The differential interpretation of signals can partly be explained by the concept of homophily—the tendency of individuals to connect with those similar to themselves (McPherson et al., 2001). Building on role congruity theory (Eagly & Karau, 2002), female investors may be more inclined to perceive accelerator participation—especially in gender-specific programs—as a credible indicator of competence, since these programs directly address structural barriers faced by women entrepreneurs. For female investors, accelerator signals may therefore resonate both with personal experiences and with a broader awareness of gendered disadvantages within entrepreneurial ecosystems. Within the context of investment decisions, activist choice homophily (Greenberg & Mollick, 2017) further explains why female investors react more positively: their support may be motivated not only by similarity but also by a conscious desire to dismantle structural barriers for women entrepreneurs. This mechanism is reinforced by evidence that the prevailing entrepreneurship prototype is male-coded and agentic, making signals from women more readily accepted when they align with that prototype (Rudman & Phelan, 2008). When women display stereotypically “masculine” (agentic) behaviors to match this prototype, they can also face backlash, which further complicates signal reception.

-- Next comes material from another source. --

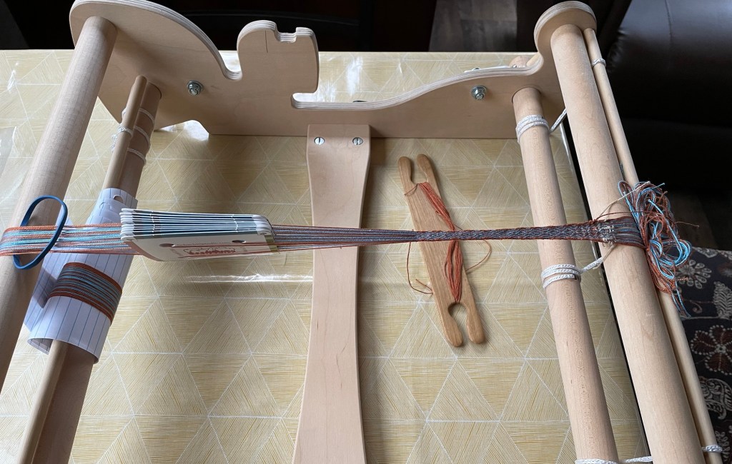 After a few inches of weaving while pulling the weft yarn tight on each pass across, the width was the way it was supposed to be.

Similarly, the interviews reinforced the experimental evidence that male investors tend to be more skeptical toward competence signals derived from accelerator participation—particularly when such programs are explicitly gender-specific. This tendency was illustrated in the interviews, where one male investor voiced critical views of gender-specific programs. This aligns with prior studies showing that men often respond more negatively to affirmative action initiatives (Moscoso et al., 2010; Konrad & Hartmann, 2001). Two interrelated mechanisms may explain this skepticism. First, male investors are more likely to adhere to traditional meritocratic norms and interpret gender-specific support as compensatory rather than performance-based (Konrad & Hartmann, 2001). Second, in line with research on gender stereotypes in entrepreneurship, male investors may implicitly associate entrepreneurial competence with agentic, masculine-coded traits, leading them to discount signals that deviate from this prototype (Balachandra et al., 2017; Lee & Huang, 2018). Consistent with earlier evidence showing that women entrepreneurs receive less funding despite offering equivalent signals of competence and experience (Eddleston et al., 2016; Kanze et al., 2018), our results suggest that male investors are more prone to stereotype-driven interpretations that devalue participation in gender-specific accelerator programs.

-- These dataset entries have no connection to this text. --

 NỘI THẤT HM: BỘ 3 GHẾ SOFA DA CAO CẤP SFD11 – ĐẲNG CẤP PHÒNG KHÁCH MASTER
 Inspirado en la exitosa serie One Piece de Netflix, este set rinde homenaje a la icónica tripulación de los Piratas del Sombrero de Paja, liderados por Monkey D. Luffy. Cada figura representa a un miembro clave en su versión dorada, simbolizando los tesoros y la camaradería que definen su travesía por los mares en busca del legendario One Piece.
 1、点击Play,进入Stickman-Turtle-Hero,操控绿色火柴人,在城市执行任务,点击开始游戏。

These insights demonstrate that accelerator signals are not universally effective but filtered through gendered interpretive logics. For female investors, accelerator programs—particularly gender-specific ones—enhance perceptions of competence. For male investors, however, such signals, although enhancing perceptions of competence, appear weaker or less credible, reflecting tensions between gender equality initiatives and entrenched beliefs in meritocracy within entrepreneurship. This duality underscores the importance of integrating signaling theory with gender studies, as it reveals that the credibility of signals is co-constructed by entrepreneurs and investors within a context of persistent gendered expectations and stereotypes.
Nonetheless, it is important to note that students in the experiment evaluated their investment decisions based solely on the pitch deck. In reality, many angel investors assess start-ups through live pitches and direct interactions with the founding team regarding shared former experiences or the character of the entrepreneur (e.g., Mason et al., 2017; Pierrakis & Owen, 2022; Sapienza et al., 2013; Skalicka et al., 2022), which can have an influence on the assessment of the start-up (X. P. Chen et al., 2009; Clark, 2008; Mason & Harrison, 2003). We therefore postulate that the investment decision is not only determined by the participation in an accelerator program itself, but by the “live” contact with the angel investor. Accordingly, future research should employ richer and more ecologically valid stimuli, such as video pitches or field experiments with real investors, to capture actual decision-making processes more directly. Given that our experimental setting relied on a student sample and on pitch decks only, the results should be interpreted as reflecting perceptions of signals rather than actual investment behavior of angel investors. The scope of the conclusions is therefore deliberately narrowed.
Moreover, the absence of a male team participating in an open accelerator condition further limits the generalizability of our findings, which should primarily be interpreted in the context of female-founded teams.
Limitations and Future Directions.
In line with the four classic threats to valid conclusions in experimental research (Shadish et al., 2002), our study primarily faces limitations regarding external validity.
First, the sample consisted of students who were asked to take on the role of angel investors. While students are frequently used as proxies for resource providers in experimental entrepreneurship research (e.g., Snellman & Solal, 2022; Brooks et al., 2014), the results primarily reflect perceptions of signals rather than actual investment behavior. Accordingly, the conclusions should be interpreted as indicative of how (gender specific) accelerator participation may be perceived, rather than as evidence of concrete investment decisions made by practicing business angels.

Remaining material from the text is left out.